Long Bui bio photo

Long Bui

I am Long, Data Engineer and Technical Writer

Email Twitter LinkedIn Github Youtube

Overview

Introduction

Hey, tech enthusiasts! As we gear up for another exciting year in the ever-evolving tech landscape, it’s time to sharpen our programming skills to stay at the forefront. Here’s a curated list of the top 5 programming languages you should consider mastering in 2024.

Watch this video for getting know why: Youtube

SQL with dbt Practice

Why it Matters: SQL remains a cornerstone in the world of data, and with the rising popularity of dbt (data build tool), it’s essential for anyone working with data warehousing. dbt takes your SQL skills to the next level, enabling you to transform and model data efficiently.

Other than that, the dbt will lets you into how data warehouse structures, and how to build the better data warehousing, remember that don’t be fake by what is the name of the layers, it can be everthing things and decided by purpose/functionality/component or whatever.

Check this repo out: https://github.com/longbuivan/dbt-project-structuring/tree/main

How to Master it: Dive into the fundamentals of SQL, then explore dbt for streamlined data modeling and transformation. Real-world projects and case studies will enhance your proficiency.

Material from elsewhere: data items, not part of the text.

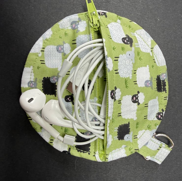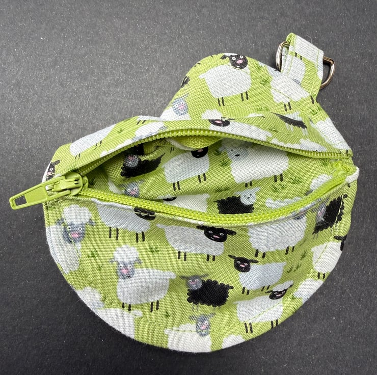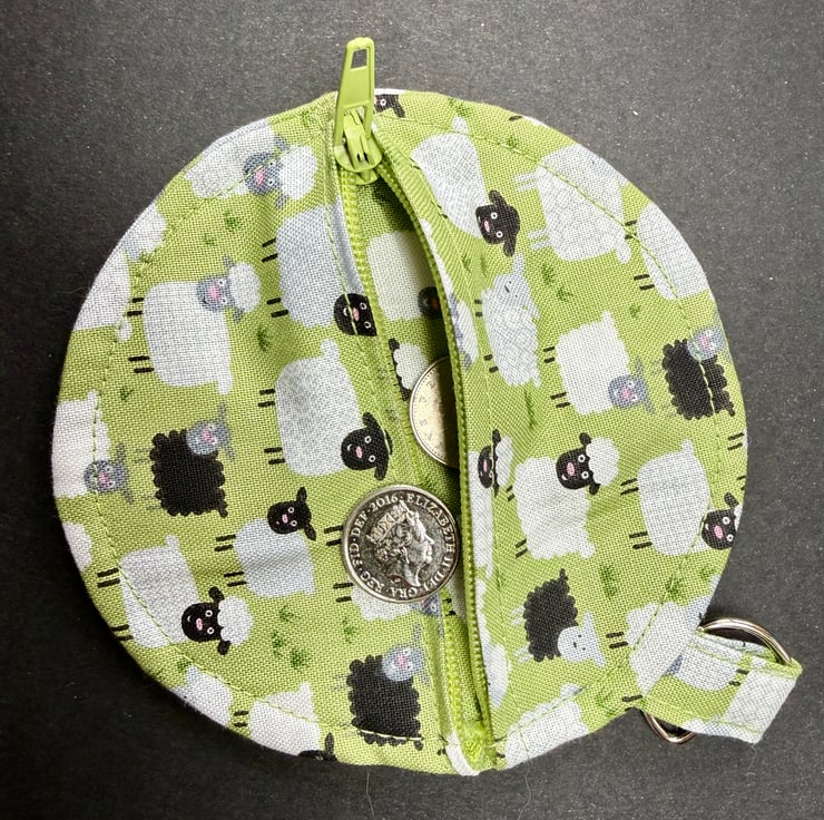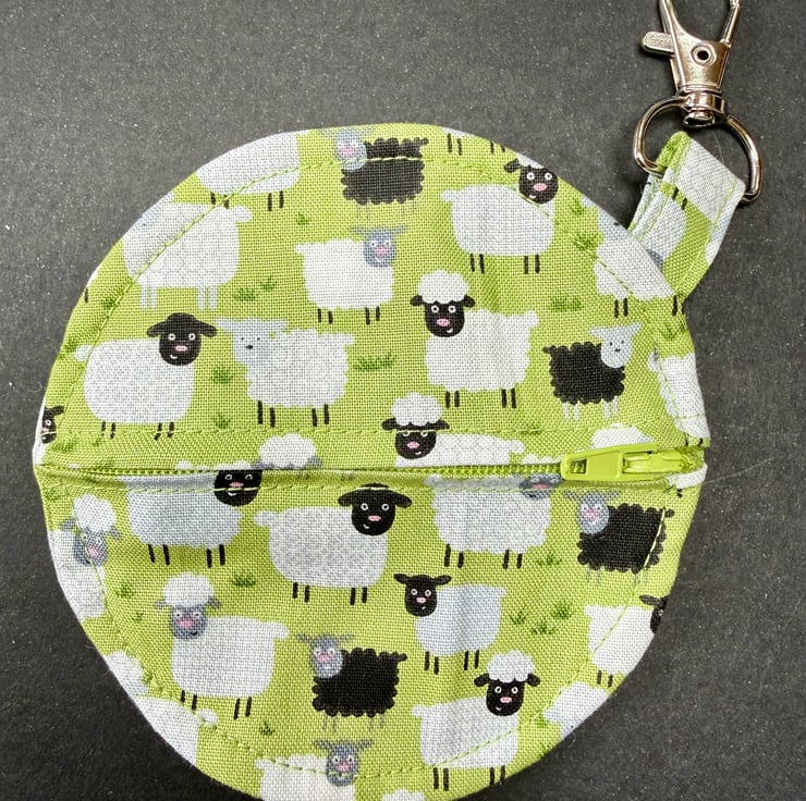 A small circular zipped pouch made from soft cotton fabric showing a lively mix of sheep in white, black and white with black faces, all set against a gentle light green background that suggests fresh spring grass. The matching green zip opens smoothly, and the silver coloured lobster clasp allows the pouch to be clipped inside a bag, onto a belt loop or anywhere you like to keep small essentials close at hand.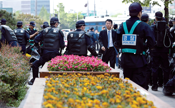 경찰들이 지난 5월15일 서울 중구 대한문 앞 꽃밭을 지키고 있다. 이 꽃밭은 서울 중구청이 4월4일 쌍용자동차 해고노동자 농성 천막을 철거한 자리에 조성했다. 꽃들 너머로 꽃밭에 자리를 내준 채 밀려난 농성장이 보인다. 한겨레 정용일 기자
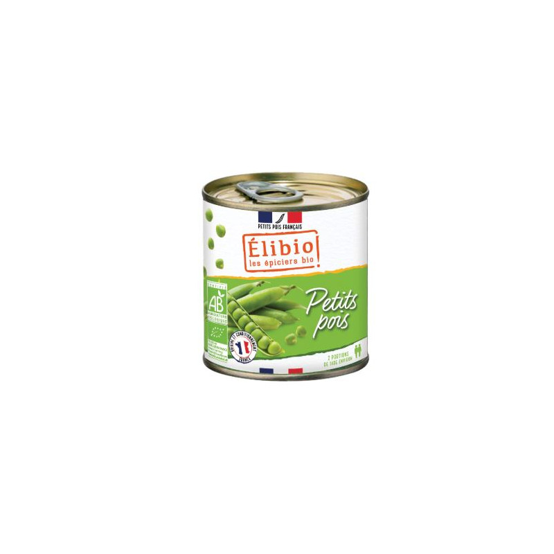 Petits pois issus de l'agriculture biologique en boîte, poids net 400 g et poids net égoutté 280 g . A manger chaud, en les réchauffant à feu doux avec une noix de beurre ou une huile végétale pour accompagner vos plats. Ou froid, a incorporé à des salades.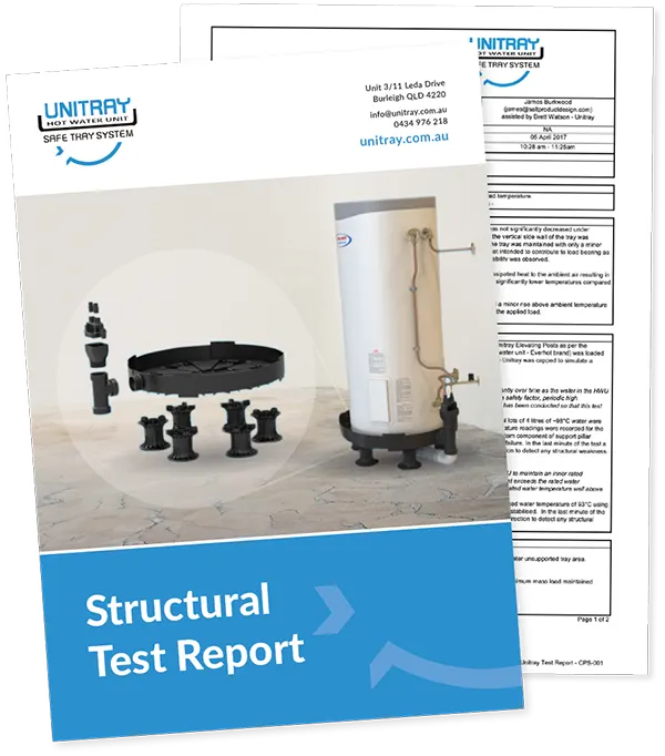 The UNITRAY concept was born out of the desire to improve the speed and ease of installation of safe trays for hot water units and to ensure that installations are compliant with the AS3500 plumbing first time, every time. The UNITRAY reduces time, costs and hassles when installing a hot water unit.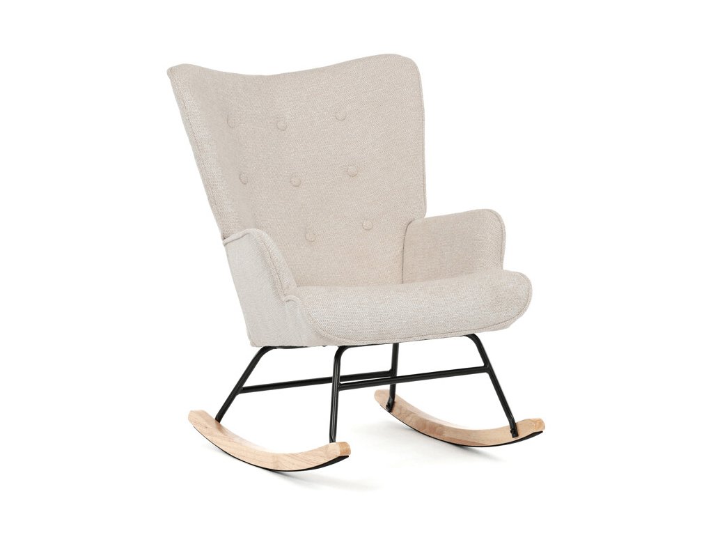 Stabilitu křesla zaručují nohy z kombinace černého kovu a masivního kaučukovníku, které dodávají konstrukci pevnost a dlouhou životnost. Plynulý a tichý houpací mechanismus podporuje uvolnění a příjemný odpočinek.

Python for Data Ingestion from Websites

Why it Matters: Python’s versatility shines, particularly in web scraping and data ingestion and data manipulation. As the internet continues to be a goldmine of data, mastering Python for ingesting and processing data information is invaluable.

As today, Python is one of the mandatory skills that Data Engineer/Data Analyst/ Data Scientist / Data Practitioner HAVE to know.

Check out this repo : https://github.com/longbuivan/tiki_data_scrapper/tree/master

How to Master it: Start with core Python skills, then delve into web scraping libraries like Beautiful Soup and Scrapy. Hands-on projects, perhaps extracting data from your favorite websites, will solidify your expertise.

Node.js for Handling APIs and Backend Services

Why it Matters: Node.js has become a go-to choice for building scalable and high-performance backend services. Mastering it is crucial for anyone involved in web development, especially in handling APIs.

I’ve working with several project of data ingestion and reverting ETL project that required me to connect with database via APIs and exposed data via APIs using NodeJs.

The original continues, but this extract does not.